Life Sciences => Physiology & Medicine => Topic started by: katieHaylor on 14/09/2017 12:09:51

Title: How genetically similar are we to our family?
Post by: katieHaylor on 14/09/2017 12:09:51
Ken asks:

Who is my closest genetic relative? My parents? My children? My siblings?

What do you think?
Title: Re: How genetically similar are we to our family?
Post by: chiralSPO on 14/09/2017 15:09:24
Well, if you have an identical twin (or more) than they are the closest relative(s).

Whether you are a girl or a boy (more so for girls), you are probably least genetically similar to your father, because all children inherit their mothers' mitochondrial DNA. Also the X chromosome is substantially longer than the Y, so even a boy would have more genetic material from his mother than his father (not counting mitochondrial DNA).
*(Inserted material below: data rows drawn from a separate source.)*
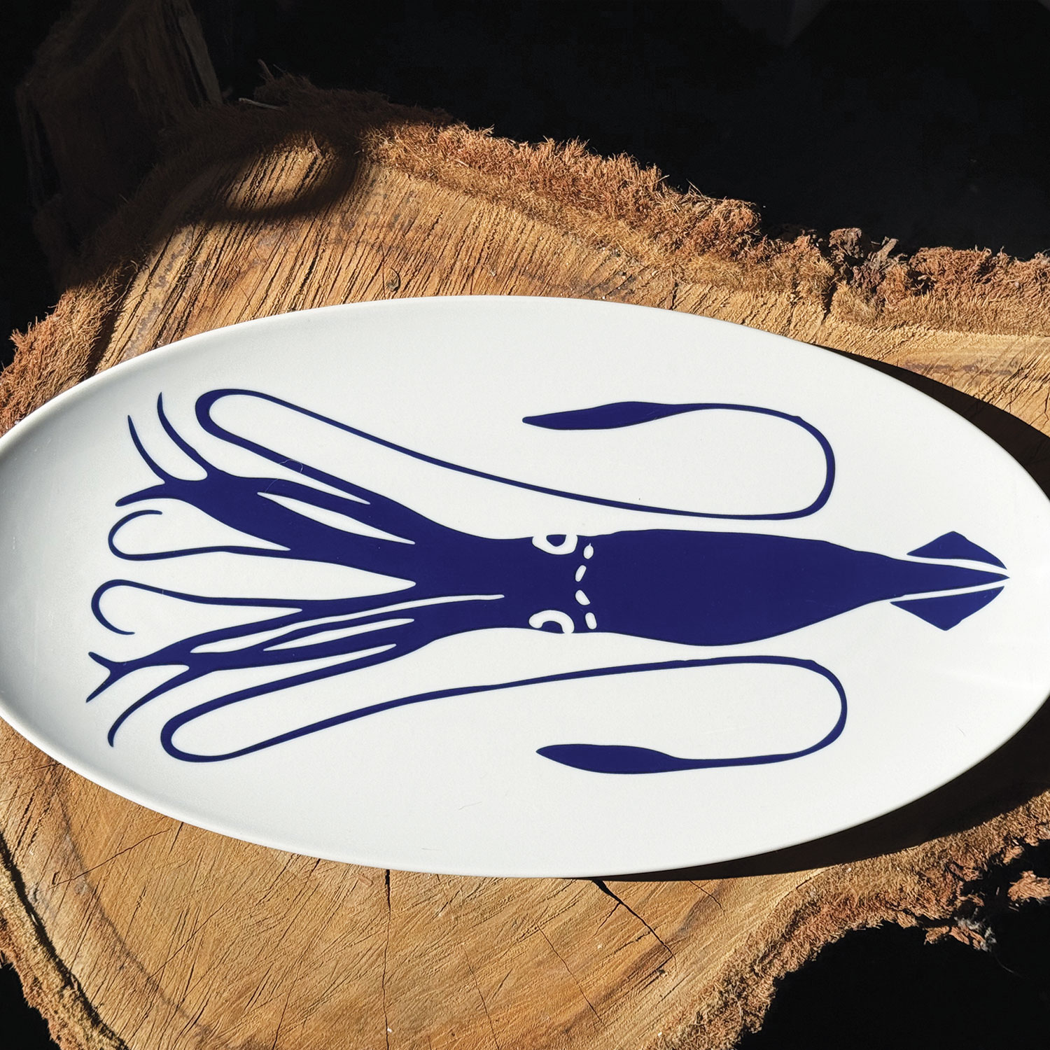 Le plat ovale Chipiron est à l’origine de la collection ANTXOAK qui rend honneur aux poissons basques… oui, il fallait oser ! Ce magnifique chipiron bleu est généreux et gourmand, comme celui qui vit au larges de côtes basques.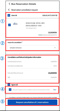 ⑤ After selecting all items from 1 to 4, press the request cancellation button.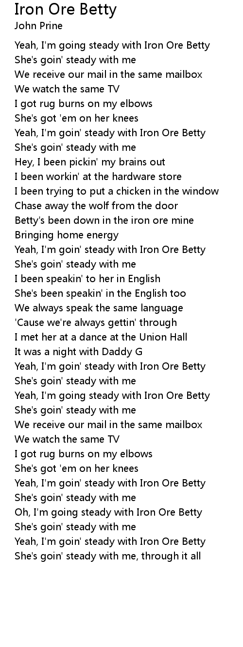 Yeah, I'm goin' steady with Iron Ore Betty |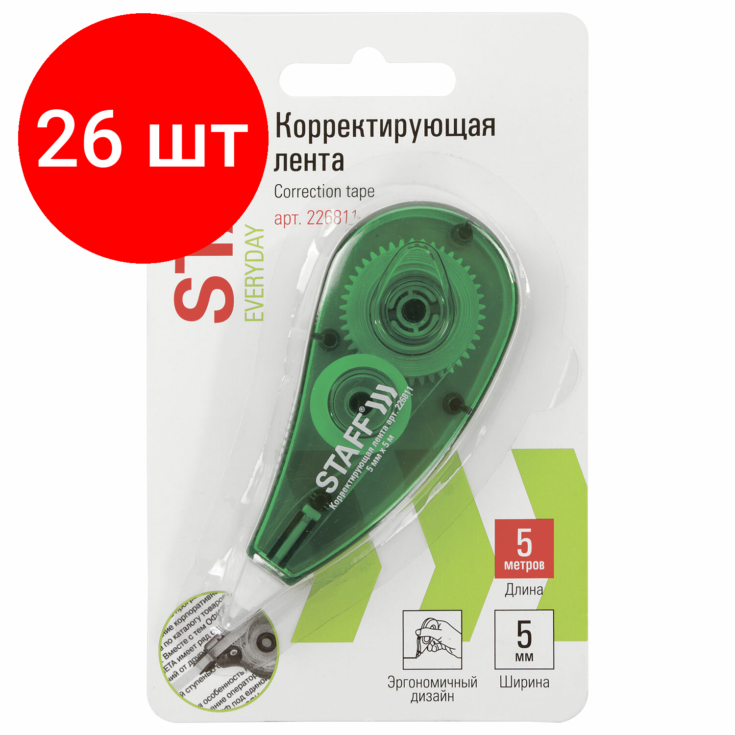 СохранитьКорректирующая лента STAFF "EVERYDAY", 5 мм х 5 м, корпус зеленый, блистер, 226811 Комплект - 12 шт . интересное: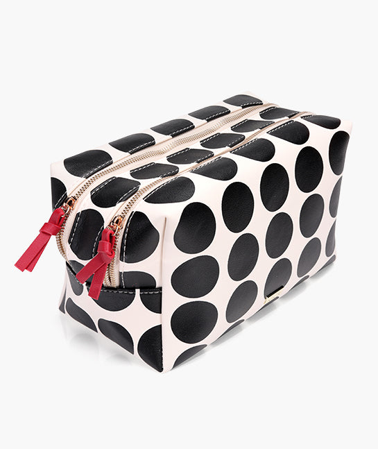 Make a bold beauty statement with this playful double-zip cosmetic bag from the Queen of Hearts collection. Designed in a striking black-and-white polka dot print with vibrant red zipper pulls, it blends pop-art flair with everyday functionality.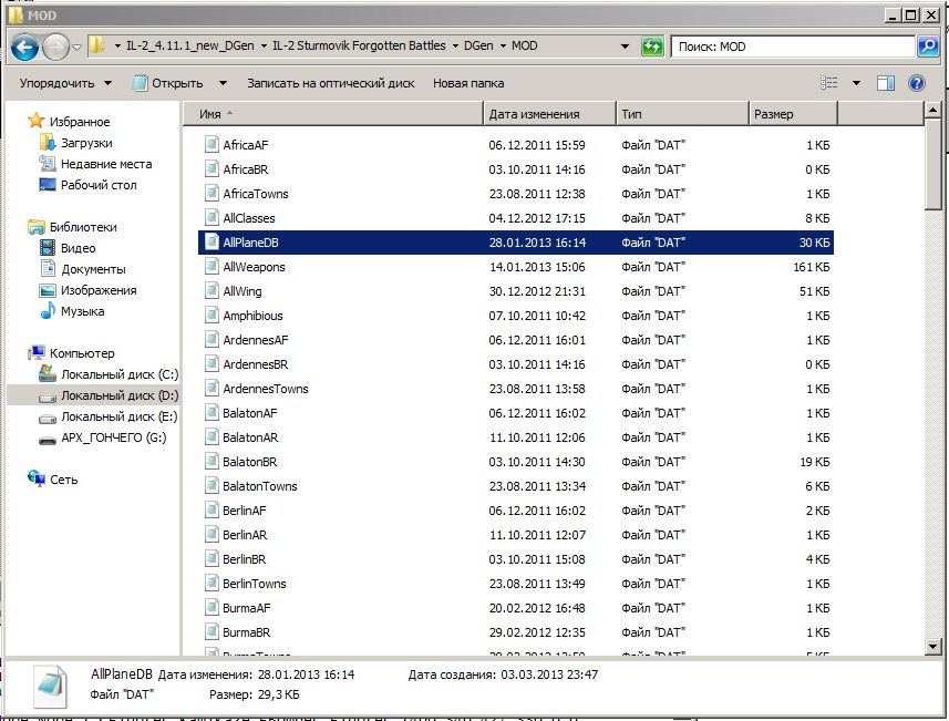 Если вы используете 4.11 - в файлы из папки MOD ничего добавлять не надо - там все уже есть. Достаточно просто добавить новый самолет в planes*.dat кампании или в нужный DB файл и все заработает.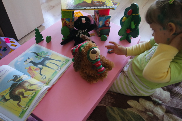 Какое отличное занятие! Ветрянкой болеете? Мы в конце февраля тоже по очереди все переболели. У меня Сашка в районе 2х лет безумно любил кошек, "котенка гав" и читали, и играли, и мультики смотрели не переставая)))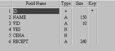 1. Таблица «MENU», создана в приложении программы Delphi 6 DataBaseDesktop. Тип таблицы - Paradox 7.0.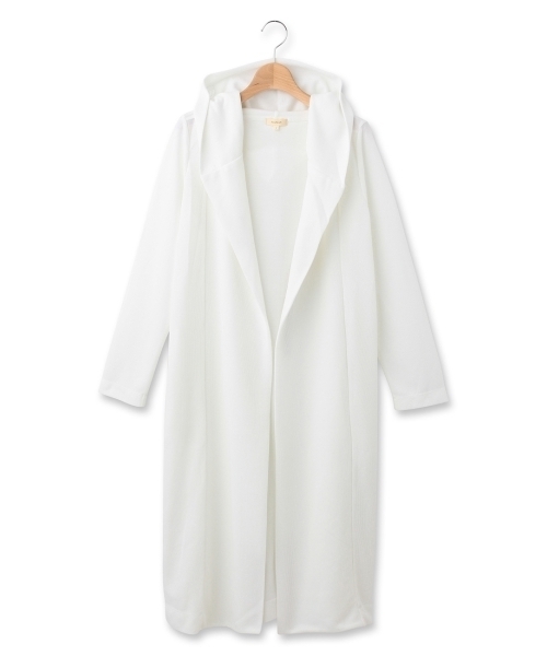 トレンドのサカリバ素材を使用したロングカーディガン。柔らかな伸縮性で着心地よく、カジュアルスタイルからちょっときれいめなフェミニンスタイルまで幅広く活躍します。フード付きでアクティブなポイントもプラス◎ モデル情報:身長168cm B76W59H84 着用サイズ:02(M) 店舗へのお問い合わせ商品番号:511-38015 主に春に着用いただける商品です。 サイズスペック●製品寸法: 02(M):着丈101 Bフリー 袖丈59 肩幅38 03(L):着丈102 Bフリー 袖丈60 肩幅39
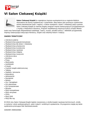 VI Salon Ciekawej Książki Salon Ciekawej Książki to największa impreza wystawiennicza w regionie łódzkim skierowana do branży wydawniczej i czytelników. Ideą Salonu jest promocja czytelnictwa wśród mieszkańców Łodzi i regionu, a także rozwijanie u dzieci i młodzieży pasji czytania. Salon Ciekawej Książki to również bogaty program imprez towarzyszących przygotowanych z myślą o miłośnikach literatury. Program współtworzą instytucje kultury Urzędu Miasta Łodzi oraz Samorządu Województwa Łódzkiego. Teatry, muzea, ośrodki kultury i biblioteki przygotowały imprezy towarzyszące dotyczące literatury, książki oraz lokalnej historii i tradycji. ZAKRES TEMATYCZNY ● ● ● ● ● ● ● ● ● ● ● ● ● ● ● ● ● ● ● ● ● ● ● ● ● ● ● ● ● ● Literatura piękna Wydawnictwa popularnonaukowe Wydawnictwa dla dzieci i młodzieży Wydawnictwa artystyczne Wydawnictwa turystyczne Wydawnictwa naukowe Wydawnictwa religijne Wydawnictwa muzyczne Literatura obca Komiksy Prasa Multimedia Audiobooki E-booki Czytniki książki elektronicznej Tablety Gadżety i akcesoria Kalendarze Adresowniki Pamiętniki Notesy Gry i łamigłówki Gry planszowe Gry komputerowe Muzyka Płyty kompaktowe Płyty winylowe Filmy Płyty DVD Płyty Blu-ray W 2016 roku Salon Ciekawej Książki będzie rozszerzony o strefę książek naukowo-technicznych, strefę e-czytania i sztuk audiowizualnych, salon małych i ambitnych wydawnictw. W programie znajdą się także wydarzenia promujące Rok Sienkiewiczowski. GODZINY ZWIEDZANIA ● ● ● 18.11.2016 - od 10:00 do 18:00 19.11.2016 - od 10:00 do 18:00 20.11.2016 - od 10:00 do 17:00 Miejsce targów Łódź Skorupki 21 Organizator Międzynarodowe Targi Łódzkie Łódź Skorupki 211 42 636 29 83 www.targi.lodz.pl [email protected]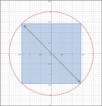 is a circle with radius 2. Through intuition, the largest area will occur when there is a square placed inside the circle with vertices that touch the circle. Hence the diagonal of the square will be equal to the diameter 4.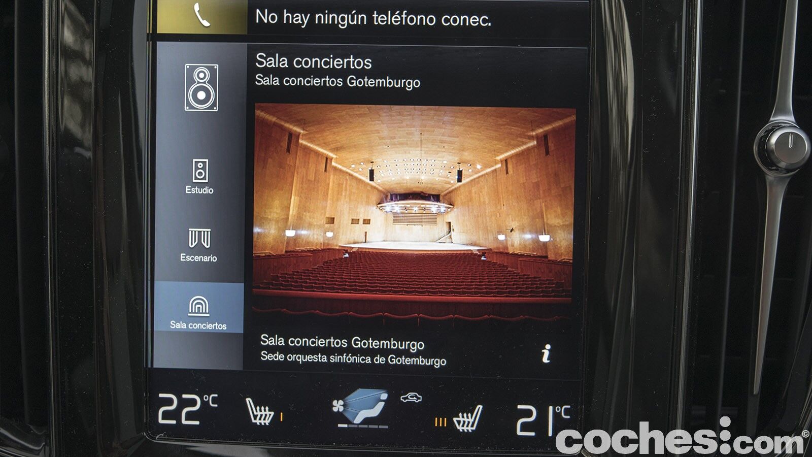 A pesar de venir con el acabado más básico, nuestra unidad montaba bastantes elementos de la lista de opcionales. La tecnología la ponía el sistema multimedia Sensus, con su conectividad avanzada y conexión Wi-Fi, o la cámara de 360º. El confort venía de la mano de los asientos calefactados y ventilados (y solo calefactados detrás) o de la climatización de cuatro zonas. La distinción era para el sistema de sonido Bowers & Wilkins con 19 altavoces (incluido el del salpicadero), 1.400 W de potencia y la capacidad de reproducir el sonido de la Sala de Conciertos de Gotemburgo.

Beyond that, *I'm* out of my league. There are probably others on the forum who can give even more nuanced answers.
Title: Re: How genetically similar are we to our family?
Post by: smiguel on 15/09/2017 12:16:49
And after an identical twin, the closest genetics are

your parent and
your children
Title: Re: How genetically similar are we to our family?
Post by: evan_au on 16/09/2017 08:52:52
While your chromosomes are a selection that comes from your parents, they are not identical to the chromosomes that your parents carry.

During DNA copying, there is a finite probability of making a copying error, which may result in one amino acid being substituted for another.

During meiosis, "crossovers" can occur:
- The two chromosomes line up before the crossover, so you end up with 1 chromosome which is a hybrid of two chromosomes carried by your parents.
- But the lineup isn't exact
- If the break is in the middle of an active gene, the resulting gene may be mutated, with some base pairs omitted or duplicated. This may inactivate the protein produced by the gene.
- If the alignment is particularly poor, you may end up with multiple copies of a gene, or several genes omitted.

In most cases, the errors can be overcome by proteins generated from the chromosome inherited from your other parent, as it is unlikely that exactly the same protein will be mutated.

These types of mutations are best found by "triple sequencing": reading your genome, plus those of your parents, and comparing them to see where the mutations have occurred.